So that's a lot. So, I do feel safe that way. But that's my hospital and we
jumped on it very quickly. And we were just fortunate. We didn't have a lot of
cases at the time. So, in that way, yes, I feel safe.
Dominique 17:43
That's awesome. This is all you know, fascinating. It's a lot but it's super,
super interesting. For me personally as well. I kind of want to ask you a little
bit about you know, you're around patients every day. You're telling me that you
see patients with COVID pretty often. And I kind of want to know a little bit
about how that has changed your relationship with people outside of work. You
know whether or not you know, you have to be careful when you come home. You
know what I mean? Those things.
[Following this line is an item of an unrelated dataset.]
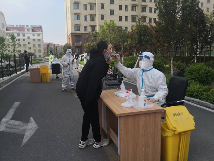 到达梦芝街道办事处驻地已是下午三点半,数十辆各种型号的私家车已经等在路边。没有过多的寒暄,接洽的李主任立刻安排等候的志愿者协助分发由烟台山医院随车配备的物资。每2到3名医护人员组成一个小队,领好物资就被急切等待的各社区工作人员带上车,奔赴各个核酸检测点。不过二十分钟,喧闹的场面就恢复了平静。一百多名队员迅速融入了抗击疫情的洪流之中。 检测工作由最初的稍显忙乱很快就趋于平顺有序,这完全归功于基层社区扎实的工作作风。每天雷打不动的四点钟集合,接送车辆准时等候,检测点及时布置检测设施,居委会人员有序引导居民接受检测。由于疫情防控的需要,每天上午九点钟之前,招远市的所有检测数据都必须上传。面对每个检测点逾千的待检人群,从五点钟开始的检测任务是很繁重的。另外每个社区都有久病卧床的老人,必须逐一登门检测,需要耗费挺长的检测时间。但得益于社区人员完善的提前准备,检测流程合理高效,检测工作开展的十分顺利。 连日来的紧张工作,再加上天气突变,降温加降雨,部分队员出现头疼、咳嗽等感冒症状,部分女队员出现痛经、腰背疼痛等不适情况。在物资采购困难的情况下,街道办李主任尽力协调了部分药品,有效缓解了病症。社员高建东主任发挥疼痛治疗方面的特长,现场施治,效果显著。大家的坚持、坚守,迎来了每日及时完成检测任务的出色战果,为战胜疫情提供了有力支撑。

And so, if you could tell me a little bit about
how that has changed, how being a nurse has changed things for you in your daily
life, and relationships in your daily life?
Sandra 18:32
Yes, definitely a change, most of us nurses that say we're not taking care of an
actual patient that day. We don't have a COVID positive patient that day, most
of us nurses. Well, first of all, we get to the hospital and all of us employees
have to have our temperature taken and they give us each a mask. So, we have to
wear that mask for our shift. Okay, that's just plain old taking care of a
non-COVID patient we're going in on our scrubs. And so what usually what we do
is at the end of the shift, we take our hand wipes, and we clean everything down
the whole everything our pencils our pens our stethoscopes, our bottom of our
shoes, we clean that and then we get all our stuff ready together. And if
there's anything that needs to be wiped down, we wipe it all down. And then we
walk out of the hospital that's walking out of the hospital, get into our car,
most of us take off our shoes, and we step in and we sit in our car. And then
when we get home, we run immediately to our either through our garage, or if we
have to go through the house, we make sure our shoes are not on us. We leave
them at the door, and we run to the shower, no contact with family. Take off our
scrubs and we've put them in a designated area or in a bag and take a shower
right away. No touch no contact with anybody at your house at all until you get
your shower. And there's a lot of nurses I know they'll go through the garage
they get naked in the garage and then they go into but that's kind of our norm
as far as us getting home. We, those that are taking care of COVID positive
patients, they will shower at the hospital before leaving. Mm hmm. Yeah. So,
they take off everything shower, and then same routine they get on home. Their
shoes are different. They're not wearing the same shoes they had in the
hospital. And then they go in and they take a shower again. Yeah, but yeah, you
shower before you leave the hospital if you're taking care of a COVID positive
patient. And then as far as socially we do our we just do what is recommended.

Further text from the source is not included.